Dataset excerpts:
######

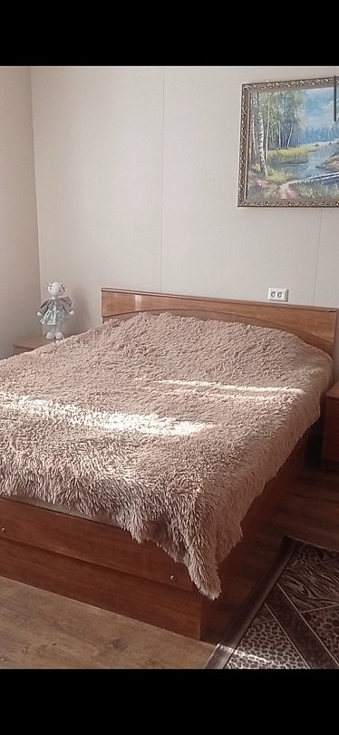 В номере кровать, шкаф, тумбочки. Удобства рядом на этаже.
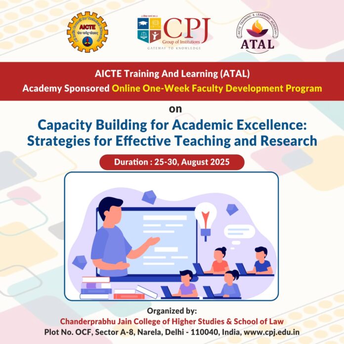 चंद्रप्रभु जैन उच्च अध्ययन महाविद्यालय एवं विधि विद्यालय, नरेला, दिल्ली ने 25-30 अगस्त, 2025 तक “शैक्षणिक उत्कृष्टता हेतु क्षमता निर्माण: प्रभावी शिक्षण एवं अनुसंधान हेतु रणनीतियाँ” विषय पर एआईसीटीई प्रशिक्षण एवं शिक्षण (एटीएएल) अकादमी द्वारा प्रायोजित एक सप्ताह का ऑनलाइन संकाय विकास कार्यक्रम (एफडीपी) सफलतापूर्वक आयोजित किया।
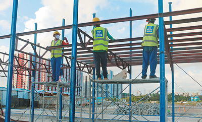 中国建筑集团有限公司援建的马尔代夫外籍劳工隔离观察设施施工现场,工人们在搭建桁架。(中国建筑集团有限公司供图)
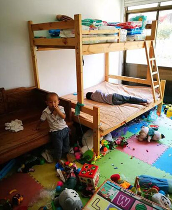 稍大一点的孩子的房间,满地是玩具,床上一个孩子正在睡觉。(图片来源:资料图)
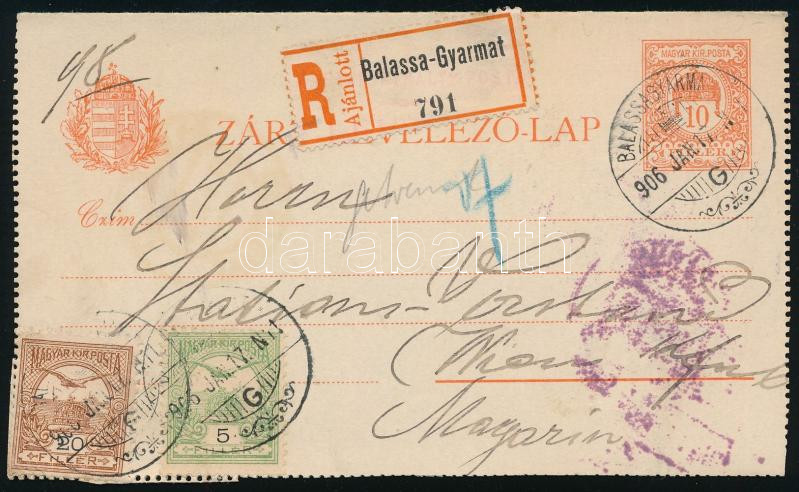 1906 Ajánlott díjjegyes zárt levelezőlap 25f díjkiegészítéssel Bécsbe / Registered PS-cover card with additional franking to Vienna (Image)(Image 1)
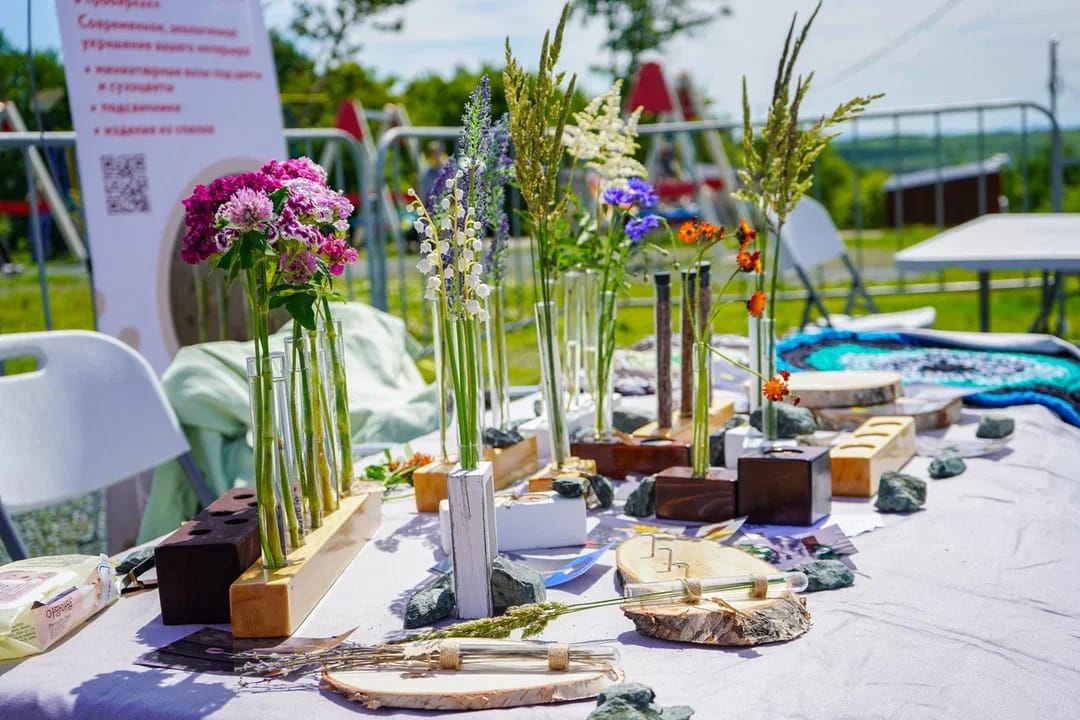 Пространство поделили на несколько тематических зон, где каждый нашел для себя что-то интересное. Посетителям предлагали товары ручной работы – игрушки, украшения, дизайнерские вазы для цветов, а также натуральные свечи из воска и сборы сахалинских трав.
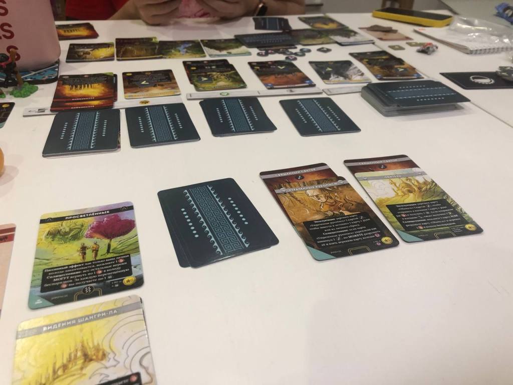 Еще перед поездкой успел разобраться в невышедшей новинке. Ожидал от нее, что будет какая-то альтернатива Империям или какая-то очередная цива на минималках, а в итоге получил довольно скучный поинт салат с парой интересных идей. Ну и самое главное, в таком жанре ты всегда ожидаешь какого-то взаимодействия, тут его я не ощутил от слова совсем. Просто каждый в своем планшете час поковырялся и игра закончилась. Мне было очень скучно и игра совершенно не впечатлила ни своим процессом, ни эффектами, которые предлагали карты. Карт дофига, это да, но не могу сказать, что это первая игра с таким количеством карт. Да, то что твое табло постоянно устаревает и тебе его надо обновлять идея прикольная, но на одной прикольной идее далеко уехать тяжеловато. Может быть, кому-то и зайдет, я же скорее рекомендую пропустить.  Фото с БГГ.

######

**ASSIGNMENT**
Copy only what lies between the line with "稍大一点的孩子的房间,满地是玩具,床上一个孩子正在睡觉。(图片来源:资料图)" and the line with "Пространство поделили на", those two lines included, exactly as given above; pictures stay out.

**ANSWER BOX**
 稍大一点的孩子的房间,满地是玩具,床上一个孩子正在睡觉。(图片来源:资料图)
 1906 Ajánlott díjjegyes zárt levelezőlap 25f díjkiegészítéssel Bécsbe / Registered PS-cover card with additional franking to Vienna (Image)(Image 1)
 Пространство поделили на несколько тематических зон, где каждый нашел для себя что-то интересное. Посетителям предлагали товары ручной работы – игрушки, украшения, дизайнерские вазы для цветов, а также натуральные свечи из воска и сборы сахалинских трав.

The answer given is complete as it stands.